On-line coloring between two lines

We study on-line colorings of certain graphs given as intersection graphs of objects "between two lines", i.e., there is a pair of horizontal lines such that each object of the representation is a connected set contained in the strip between the lines and touches both. Some of the graph classes admitting such a representation are permutation graphs (segments), interval graphs (axis-aligned rectangles), trapezoid graphs (trapezoids) and cocomparability graphs (simple curves). We present an on-line algorithm coloring graphs given by convex sets between two lines that uses $O(\omega^3)$ colors on graphs with maximum clique size $\omega$. In contrast intersection graphs of segments attached to a single line may force any on-line coloring algorithm to use an arbitrary number of colors even when $\omega=2$. The {\em left-of} relation makes the complement of intersection graphs of objects between two lines into a poset.
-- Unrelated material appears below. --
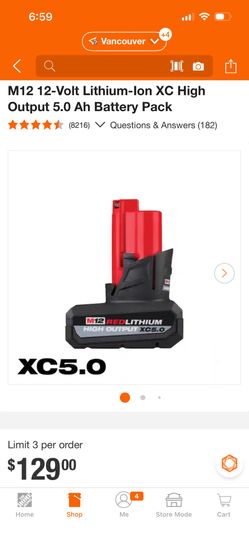 Milwaukee M12 12-Volt Lithium-Ion XC High Output 5.0 Ah Battery Pack$80Vancouver, WA
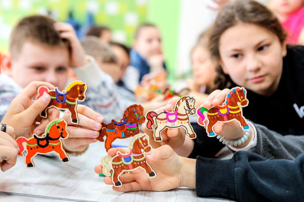 Эти симпатичные деревянные лошадки, расписанные ребятишками в Мастерской Деда Мороза, станут теплым воспоминанием о проведенных каникулах, о друзьях из своего отряда и, кроме всего, не стоит забывать, что всё созданное своими руками в Волшебном МИРе чудес имеет магическую силу и, как поётся в песне, «при первой неудаче, только стоит, только стоит оглянуться, к нам лошадки деревянные прискачут»!

As an aside we discuss the relation of the class $\mathcal{C}$ of posets obtained from convex sets between two lines with some other classes of posets: all $2$-dimensional posets and all posets of height $2$ are in $\mathcal{C}$ but there is a $3$-dimensional poset of height $3$ that does not belong to $\mathcal{C}$. We also show that the on-line coloring problem for curves between two lines is as hard as the on-line chain partition problem for arbitrary posets.